Records from a data collection |
• • • • • • •

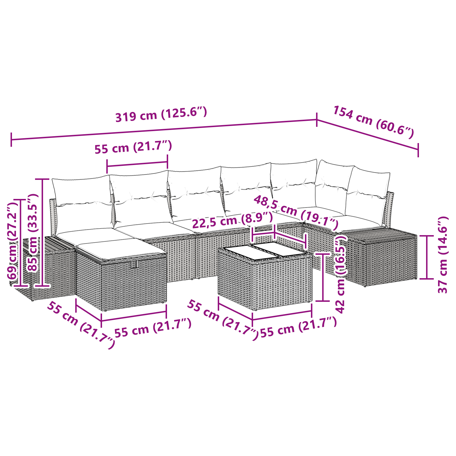 Tato moderní sada zahradního sofa nabízí styl a funkčnost, ideální pro zahrady nebo terasy. S elegantními liniemi a minimalismem pozvedne každý prostor a poskytne pohodlné sezení pro rodinná setkání nebo relaxaci s knížkou. Představte si, jak si užíváte jarní vánek a relaxujete na této stylové sadě, zatímco se bavíte s přáteli a proměníte svůj venkovní prostor na příjemnou oázu.
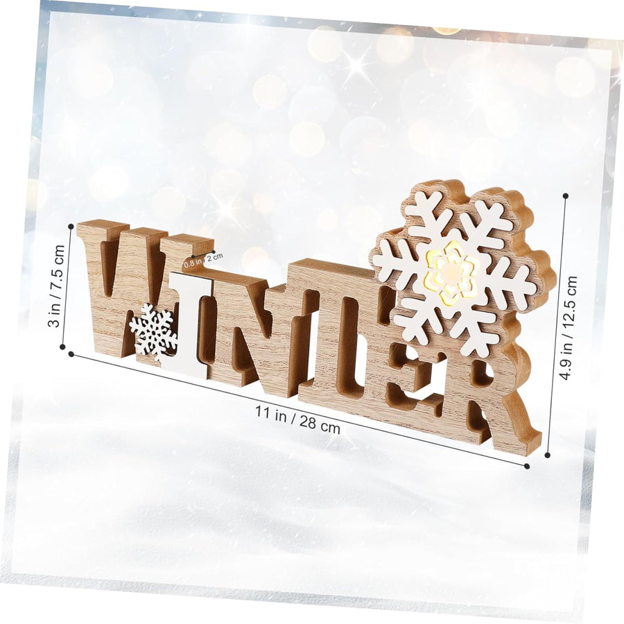 Garneck Holz-Tischdekoration, Winter-Holzschild, LED-Schneeflocke, Mittelstück, freistehend, Holzsch
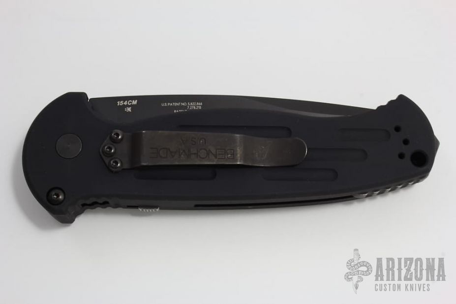 This 9051BK AFO II features a black spear-point blade. Black anodized aluminium handle. Integrated safety system. Has a black stainless steel clip, 4 way reversible. Some scuffing on the handle and clip. Comes with original sheath, box and papers. Excellent condition. Blade Steel: 154CM
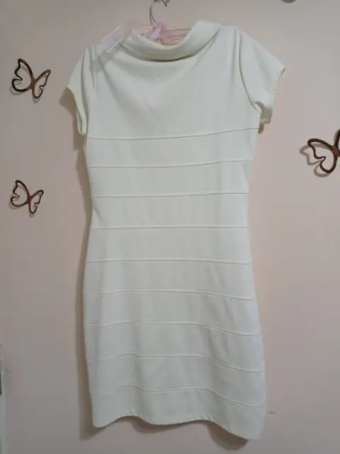 Vestido maga corta y detalle cuello, tela strech, es a la rodilla
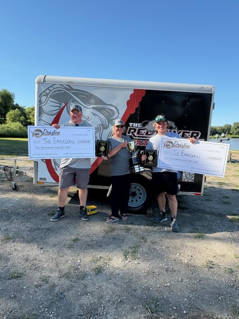 Congratulations to Alan, Lisa and Zach Erickson on their dominating win at the Catfish Capital Challenge at Drayton this past weekend. They weighed a tournament record 92.72 pounds of fish over two days earning an $11,000 paycheck.
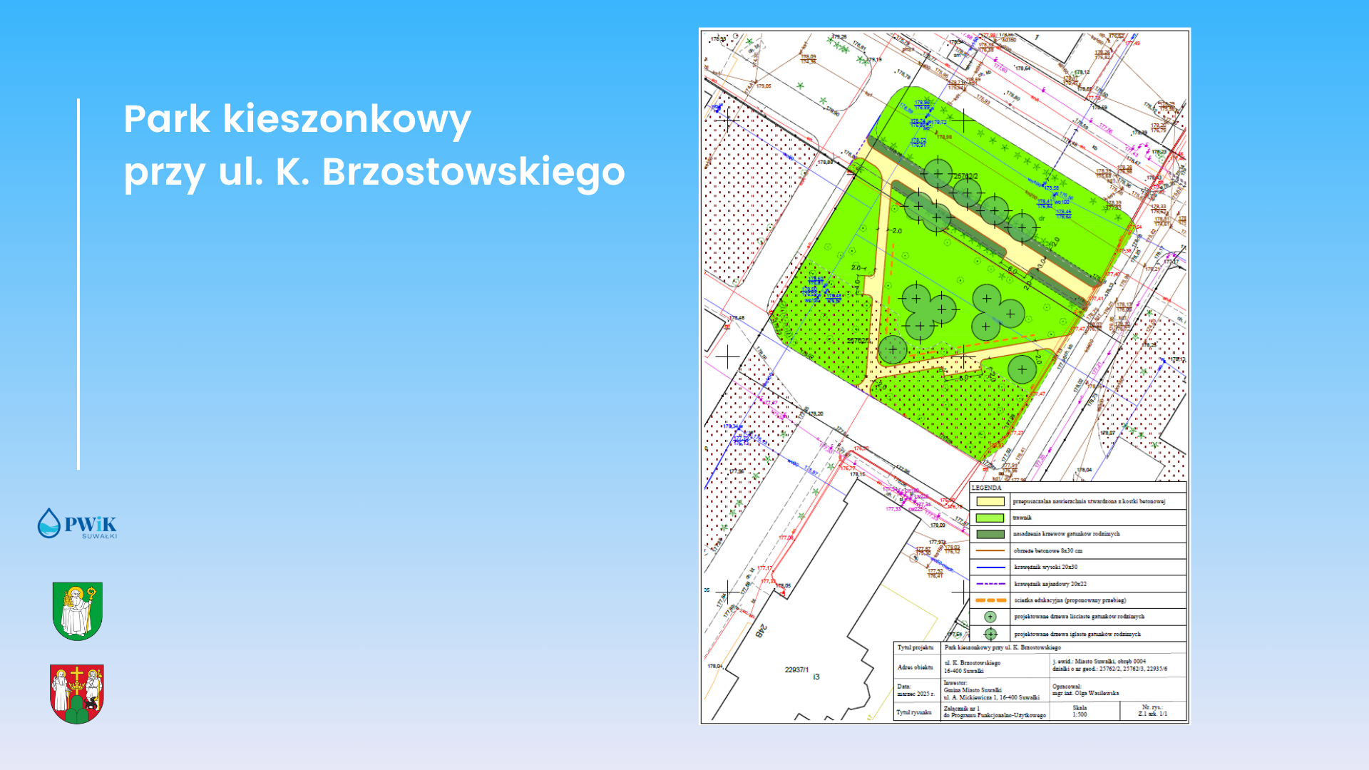 Przedmiotem zamówienia jest opracowanie dokumentacji projektowej i zagospodarowanie terenu poprzez budowÄ™ parku kieszonkowego przy ul. Karola Brzostowskiego w SuwaÅ‚kach, w formule zaprojektuj i wybuduj.
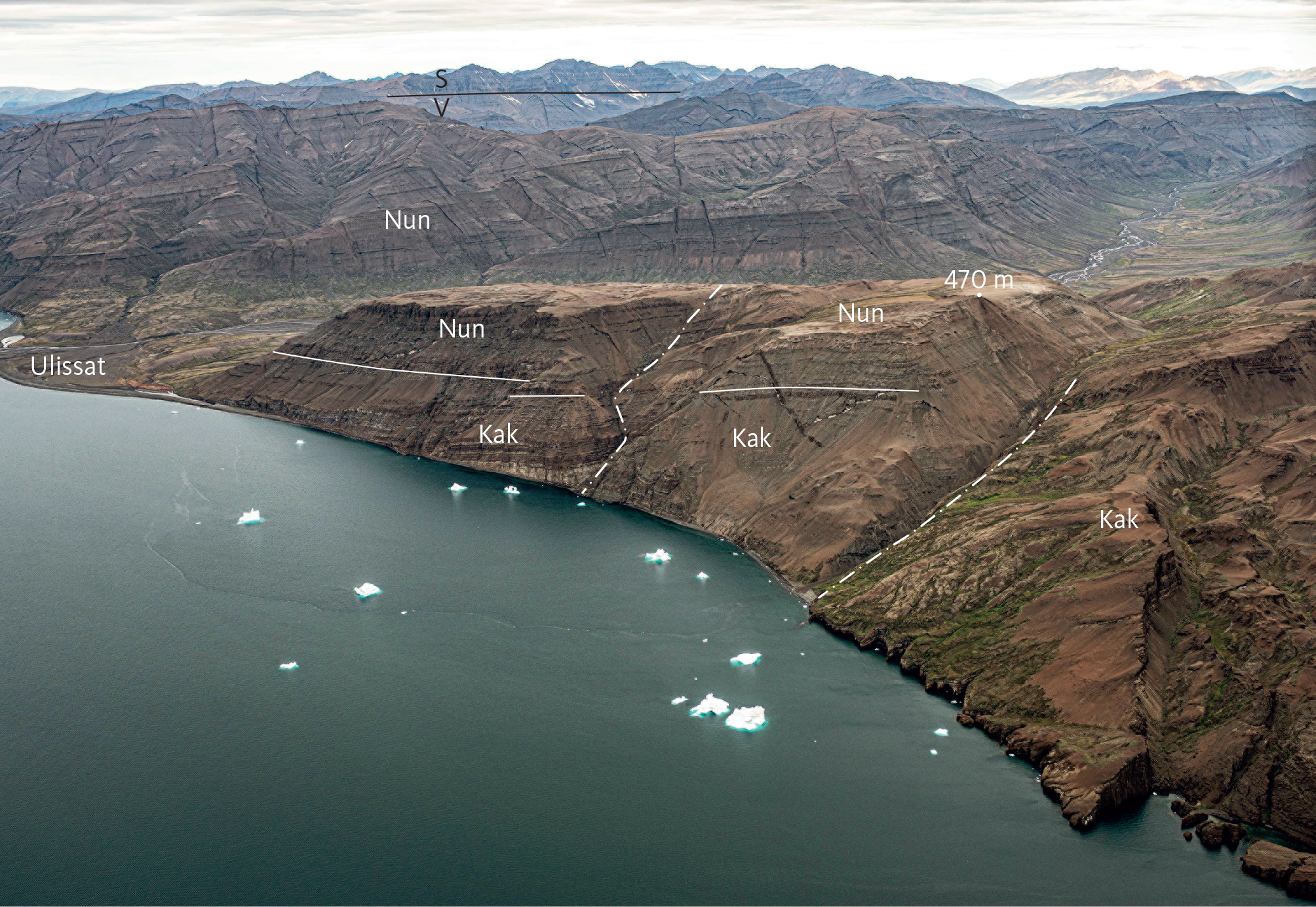 The Cretaceous boundary fault system has apparently facilitated the intrusion of magmas, as seen from a number of large basalt sills intruded close to the fault at Simiutaq, along the Siuteqqut Kuuat valley, near Firefjeld and on Itsaku (Fig. 6). These sills are compositionally identical to the Svartenhuk Formation and we therefore consider that they are also of late Paleocene age.
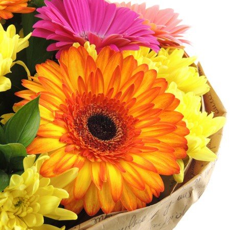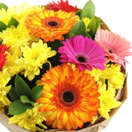 - Композиция: внизу разноцветные мерцающие букеты, вверху облако золотых хризантем.

• • • • • • •

Work instruction | The expected output is every entry above, character for character, with no pictures.

Your response |
 Tato moderní sada zahradního sofa nabízí styl a funkčnost, ideální pro zahrady nebo terasy. S elegantními liniemi a minimalismem pozvedne každý prostor a poskytne pohodlné sezení pro rodinná setkání nebo relaxaci s knížkou. Představte si, jak si užíváte jarní vánek a relaxujete na této stylové sadě, zatímco se bavíte s přáteli a proměníte svůj venkovní prostor na příjemnou oázu.
 Garneck Holz-Tischdekoration, Winter-Holzschild, LED-Schneeflocke, Mittelstück, freistehend, Holzsch
 This 9051BK AFO II features a black spear-point blade. Black anodized aluminium handle. Integrated safety system. Has a black stainless steel clip, 4 way reversible. Some scuffing on the handle and clip. Comes with original sheath, box and papers. Excellent condition. Blade Steel: 154CM
 Vestido maga corta y detalle cuello, tela strech, es a la rodilla
 Congratulations to Alan, Lisa and Zach Erickson on their dominating win at the Catfish Capital Challenge at Drayton this past weekend. They weighed a tournament record 92.72 pounds of fish over two days earning an $11,000 paycheck.
 Przedmiotem zamówienia jest opracowanie dokumentacji projektowej i zagospodarowanie terenu poprzez budowÄ™ parku kieszonkowego przy ul. Karola Brzostowskiego w SuwaÅ‚kach, w formule zaprojektuj i wybuduj.
 The Cretaceous boundary fault system has apparently facilitated the intrusion of magmas, as seen from a number of large basalt sills intruded close to the fault at Simiutaq, along the Siuteqqut Kuuat valley, near Firefjeld and on Itsaku (Fig. 6). These sills are compositionally identical to the Svartenhuk Formation and we therefore consider that they are also of late Paleocene age.
 - Композиция: внизу разноцветные мерцающие букеты, вверху облако золотых хризантем.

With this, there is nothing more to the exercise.